| Name | Modified | Size | Downloads / Week |
|---|---|---|---|
| Parent folder | |||
| README.md | 2026-05-31 | 5.4 kB | |
| v3.10.29 -- 3-dataset BEIR (rank 4_11 on mean) + ruvector@0.2.27 tier-0 + #2246 fixes source code.tar.gz | 2026-05-31 | 25.3 MB | |
| v3.10.29 -- 3-dataset BEIR (rank 4_11 on mean) + ruvector@0.2.27 tier-0 + #2246 fixes source code.zip | 2026-05-31 | 28.4 MB | |
| Totals: 3 Items | 53.7 MB | 0 | |
What ships — batched per "no constant releases"
Four independent threads:
- 3rd BEIR dataset (ArguAna) — strengthens 2-dataset → 3-dataset story
- BGE-large NFCorpus ceiling test — answered (no lift on this hardware)
- ruvector@0.2.27 Tier-0 wiring — kills the silent-fallback bug at source
- 4 user bugs from #2246 — 3 fixed, 1 forwarded
3-dataset BEIR results
| Dataset | nDCG@10 | Pipeline | Rank |
|---|---|---|---|
| NFCorpus | 0.358 | Lucene + RRF + CE rerank | 2/11 |
| SciFact | 0.683 | Lucene + RRF + CE rerank | 3/11 |
| ArguAna | 0.432 | Lucene + RRF (CE rerank hurt) | 5/11 |
| 3-dataset mean | 0.491 | mixed | — |
3-dataset mean leaderboard
| System | Params | Mean nDCG@10 |
|---|---|---|
| BGE-large-v1.5 (published) | 335M | 0.579 |
| SPLADE++ (published) | 110M | 0.524 |
| GenQ (published) | 110M | 0.485 (~tied with us) |
| ruflo best per-dataset | 110M | 0.491 |
| GTR-XL (published) | 1.2B | 0.481 |
| BM25 (published Lucene) | — | 0.467 |
| Contriever | 110M | 0.461 |
| TAS-B | 66M | 0.464 |
Rank 4 of 11 on 3-dataset mean. Beats published BM25 (+0.024), beats GTR-XL (with 1/10× our params), beats Contriever, TAS-B, ColBERT, SBERT. Loses to SPLADE++ (-0.033) and BGE-large (-0.088, mostly the ArguAna gap).

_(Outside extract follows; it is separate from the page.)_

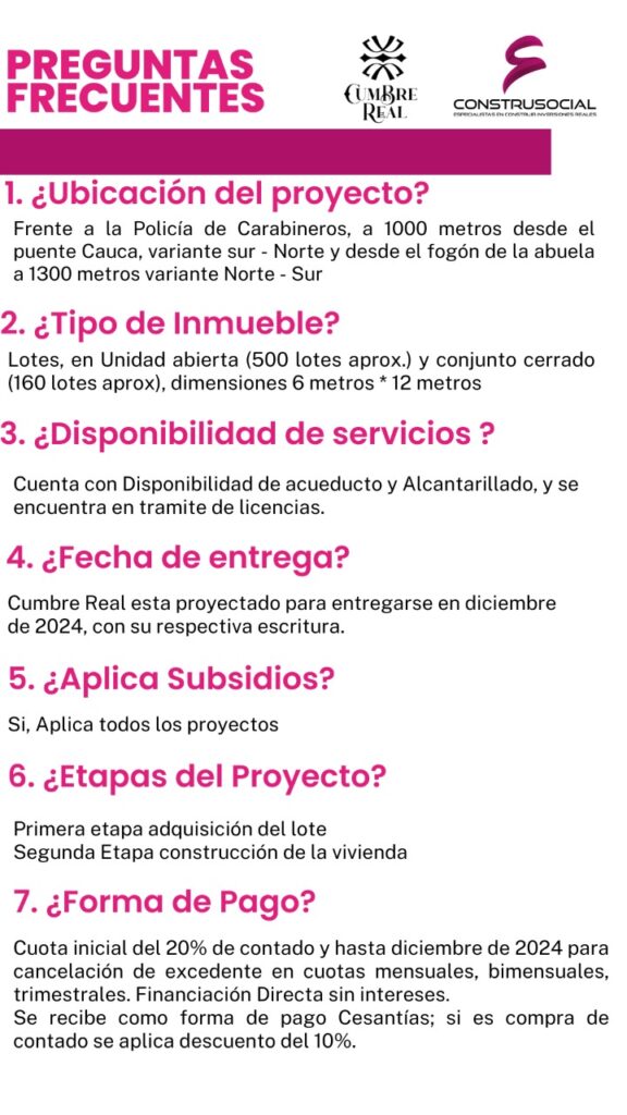 ¿Buscas comodidad y facilidad al adquirir tu lote premium? Nuestra financiación premium te ofrece cuotas flexibles y un proceso sencillo. Te guiamos en cada paso del camino. ¡Inicia emocionante esta travesía hacia la propiedad de tus sueños con CONSTRUSOCIAL!

Counter-findings reported honestly
ArguAna kills the cross-encoder rerank. Pulled at the 50-query checkpoint (running nDCG 0.283 vs dense alone 0.431, estimated 6+ hours wall time). ArguAna is counter-argument retrieval — pointwise relevance scoring doesn't help when the task requires understanding opposition. Pipeline auto-adapts: rerank wins NFCorpus and SciFact, loses ArguAna.
BGE-large NFCorpus = no lift. Xenova/bge-large-en-v1.5 (335M, int8 quantized) = 0.350 vs our BGE-base 0.352. Below the published BAAI BGE-large baseline (0.380). Likely Xenova int8 quantization underperforms BAAI's unquantized fp32.

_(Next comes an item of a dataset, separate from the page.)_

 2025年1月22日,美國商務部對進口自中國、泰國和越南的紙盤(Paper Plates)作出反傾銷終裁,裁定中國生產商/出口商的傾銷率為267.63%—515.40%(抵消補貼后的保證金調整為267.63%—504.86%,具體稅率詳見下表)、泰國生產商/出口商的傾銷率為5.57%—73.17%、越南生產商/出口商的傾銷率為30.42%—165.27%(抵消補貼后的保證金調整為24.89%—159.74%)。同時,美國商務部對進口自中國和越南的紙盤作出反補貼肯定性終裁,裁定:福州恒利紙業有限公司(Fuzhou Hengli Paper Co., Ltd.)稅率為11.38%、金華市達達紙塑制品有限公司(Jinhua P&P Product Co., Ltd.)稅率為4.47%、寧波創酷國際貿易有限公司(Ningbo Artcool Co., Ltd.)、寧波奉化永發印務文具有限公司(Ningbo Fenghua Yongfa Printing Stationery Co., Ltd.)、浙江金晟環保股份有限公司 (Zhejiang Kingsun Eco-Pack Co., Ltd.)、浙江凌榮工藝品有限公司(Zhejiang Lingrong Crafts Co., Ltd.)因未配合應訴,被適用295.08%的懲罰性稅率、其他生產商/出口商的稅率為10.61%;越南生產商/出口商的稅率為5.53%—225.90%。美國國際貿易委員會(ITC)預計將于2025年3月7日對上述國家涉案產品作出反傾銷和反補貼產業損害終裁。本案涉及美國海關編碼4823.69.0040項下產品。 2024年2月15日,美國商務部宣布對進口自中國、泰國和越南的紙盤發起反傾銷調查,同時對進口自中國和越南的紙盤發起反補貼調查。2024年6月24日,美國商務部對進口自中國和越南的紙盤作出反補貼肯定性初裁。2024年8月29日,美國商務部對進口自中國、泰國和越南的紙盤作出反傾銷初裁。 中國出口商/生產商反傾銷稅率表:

BGE query prefix is mixed (ADR-090). BAAI's recommended Represent this sentence for searching relevant passages: prefix: NFCorpus +0.009 ✓, SciFact -0.007 ✗, ArguAna +0.003 ~noise. Opt-in only via BGE_QUERY_PREFIX=1. Not a default.
ruvector@0.2.27 Tier-0 wiring (closes ADR-086 at source)
neural-tools embedder cascade:
- Tier 0 (NEW):
ruvector@0.2.27.embed()— bundled, nosharpdep, disk-cache hit - Tier 1: agentic-flow/reasoningbank (broken on darwin-arm64 without sharp)
- Tier 2-3: @claude-flow/embeddings
Verified active: probe returns embedder: ruvector@0.2.27 (bundled all-MiniLM-L6-v2), _realEmbedding: true, dim 384, disk-cache hit. Measured 6.2× per-doc parallel-embed speedup (claimed 10-14×; ours had CPU contention from BEIR benches).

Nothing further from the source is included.